____ Raw data

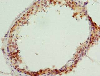 Immunohistochemistry of paraffin-embedded human testis tissue using CSB-PA638451DSR2HU at dilution of 1:100
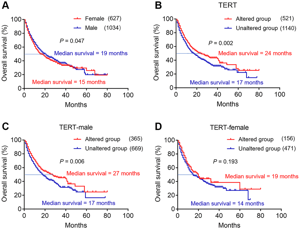 We first explored the association between sex and overall survival (OS) in the immunotherapy cohort. As shown in Figure 2A, male patients had significantly better median OS than female patients (19 months vs 15 months, p =0.047). From the above results, we found that TERT mutation was related to sex disparity. We also explored the predictive value of TERT mutation on the efficacy of immunotherapy. Surprisingly, patients in the TERT altered group showed a significantly longer median OS than unaltered group (Figure 2B, 24 months vs 17 months, p =0.002).
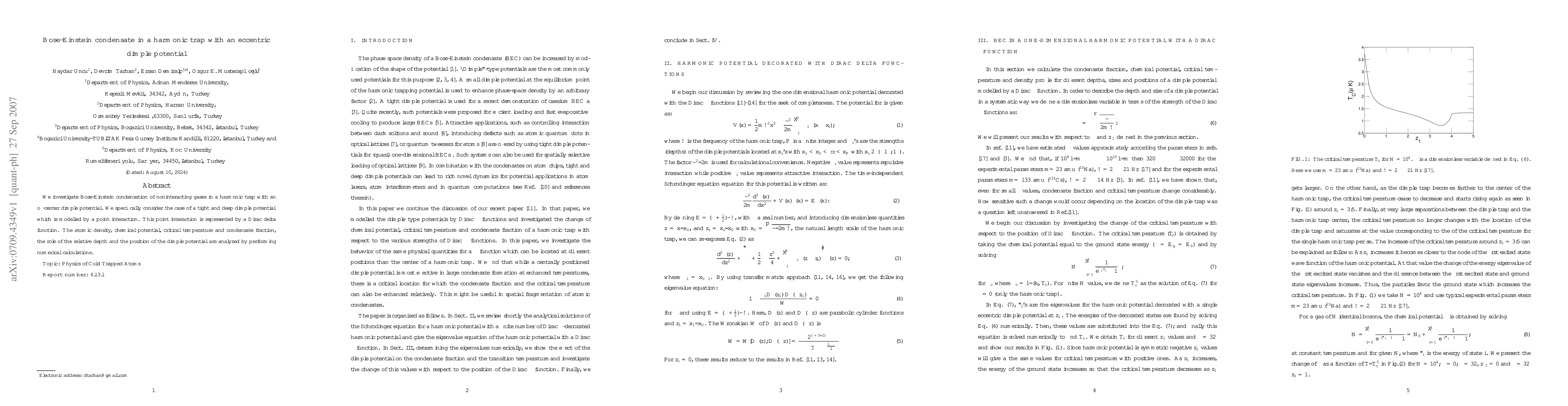 This study explores Bose-Einstein condensation in a harmonic trap with an eccentric dimple modeled by a Dirac delta function. Numerical calculations examine atomic density, chemical potential, critical temperature, and condensate fraction, focusing on the effects of dimple depth and position.

________

**Task instructions**:
Print the material word for word; images are to be left out.

**Output of the task**:
 Immunohistochemistry of paraffin-embedded human testis tissue using CSB-PA638451DSR2HU at dilution of 1:100
 We first explored the association between sex and overall survival (OS) in the immunotherapy cohort. As shown in Figure 2A, male patients had significantly better median OS than female patients (19 months vs 15 months, p =0.047). From the above results, we found that TERT mutation was related to sex disparity. We also explored the predictive value of TERT mutation on the efficacy of immunotherapy. Surprisingly, patients in the TERT altered group showed a significantly longer median OS than unaltered group (Figure 2B, 24 months vs 17 months, p =0.002).
 This study explores Bose-Einstein condensation in a harmonic trap with an eccentric dimple modeled by a Dirac delta function. Numerical calculations examine atomic density, chemical potential, critical temperature, and condensate fraction, focusing on the effects of dimple depth and position.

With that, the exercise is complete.